Mantan Ketua DPR RI itu juga menyatakan bahwa bentuk hukum ideal bagi PPHN adalah melalui Ketetapan MPR, bukan melalui undang-undang yang masih dapat diajukan judicial review melalui Mahkamah Konstitusi (MK) maupun bukan diatur langsung dalam konstitusi.

Karena PPHN adalah produk kebijakan yang berlaku periodik, disusun berdasarkan dinamika kehidupan masyarakat, dan bersifat direktif maka materi PPHN tidak mungkin dirumuskan dalam satu pasal atau satu ayat saja dalam konstitusi, papar Bamsoet.

Baca juga: Ketua MPR tekankan pembangunan butuh haluan agar punya perspektif sama

Pemilihan Ketetapan MPR sebagai bentuk hukum ideal bagi PPHN mempunyai konsekuensi, yakni perlunya perubahan dalam konstitusi atau amendemen terbatas UUD 1945 yang sekurang-kurangnya berkaitan dengan dua pasal.

"Yakni, penambahan 1 ayat pada Pasal 3 yang memberi kewenangan kepada MPR untuk mengubah dan menetapkan PPHN serta penambahan ayat pada Pasal 23 yang mengatur kewenangan DPR untuk menolak RUU APBN yang diajukan oleh presiden apabila tidak sesuai dengan PPHN,” ujar Bamsoet.
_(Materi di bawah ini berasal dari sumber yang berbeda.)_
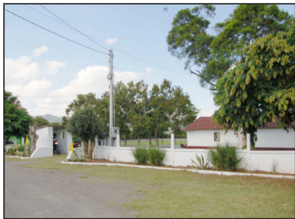
Espaço para brinquedos e jogos
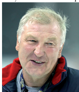
В. Ф. Попов

ПОПОВ Владимир Федорович (03.03.1953), хоккеист (нападающий), заслуженный мастер спорта СССР, заслуженный тренер России. В хоккее начал играть в г. Жуковский Московской области. В ЦСКА с 1966. Выступал на позиции нападающего в составе московских армейцев в 1971—1979, СКА (Ленинград) в 1980—1983. 02.05.1976 в Челябинске в матче с командой «Трактор» забросил одну шайбу.
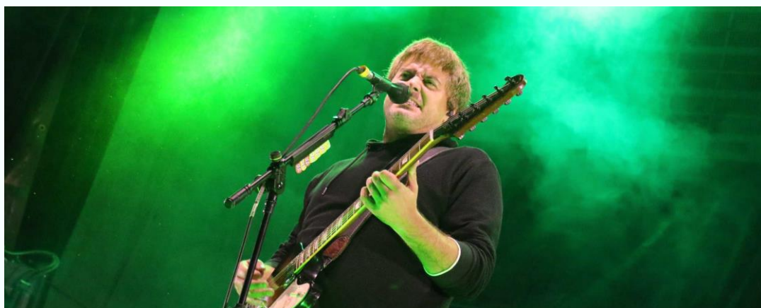
(Despistaos en Almonacid de Zorita)

Se ha lanzado el programa cultural Dinamiz-ARTj que genera una oferta cultural amplia en las ciudades y pueblos afectados por el cierre de minas de carbón, centrales térmicas y también centrales nucleares, tras acabar éstas su ciclo de vida. A menudo, en estas zonas el acceso a la cultura se ve dificultado por diferentes motivos – despoblación, crisis económica, envejecimiento de la población, falta de oferta cultural-. Por ello, el programa tiene el objetivo de fomentar la dinamización de la actividad cultural, apoyando a jóvenes artistas locales, favoreciendo las visitas a los municipios, complementándose así la oferta turística, además de colaborar con el desarrollo de una vida plena en los mismos porque la cultura es también un motivo para el arraigo al territorio de la población local.
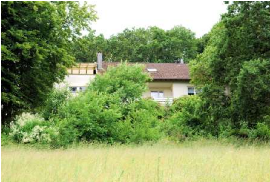
Foto 13 Ritterseifener Weg 30, Rückseite
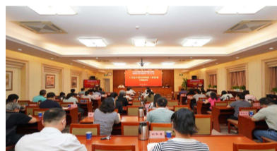
中国林科院各级党组织深入学习《习近平谈治国理政》第四卷
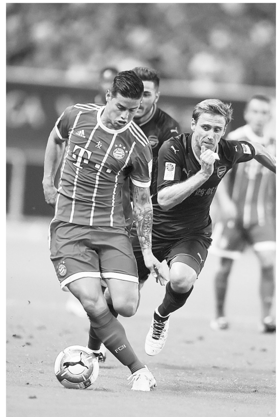
J罗(左)在与阿森纳队比赛中
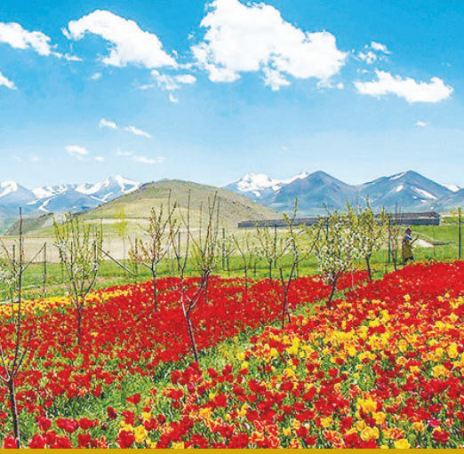
مزرحه گل های لاله در روستای اسپره خون تبریز
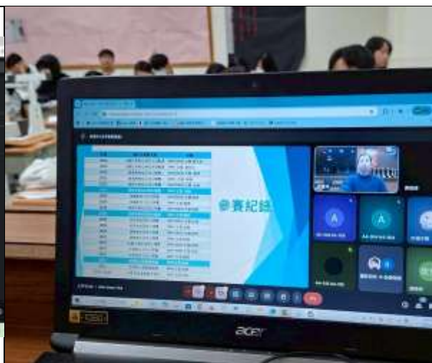
教師線上參與講座
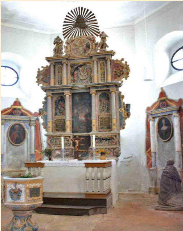
Dorfkirche Bornsdorf, Blick in den Altarraum

Das Kirchlein in Bornsdorf ist ein „Neu“bau des 15. Jahrhunderts, der im 17. Jahrhundert erweitert wurde. Die Ruine eines Vorgängerbaus aus Feldstein kann auf dem alten Friedhof außerhalb des Ortes besichtigt werden. Nach

Menurutnya, persetujuan amendemen terbatas UUD 1945 untuk menghadirkan PPHN sangat tergantung pada dinamika politik yang berkembang serta keputusan partai politik dan kelompok DPD.

Perjalanan masih panjang dan MPR saat ini hanya melaksanakan tugas konstitusional yang menjadi rekomendasi MPR periode sebelumnya, pungkas Bamsoet.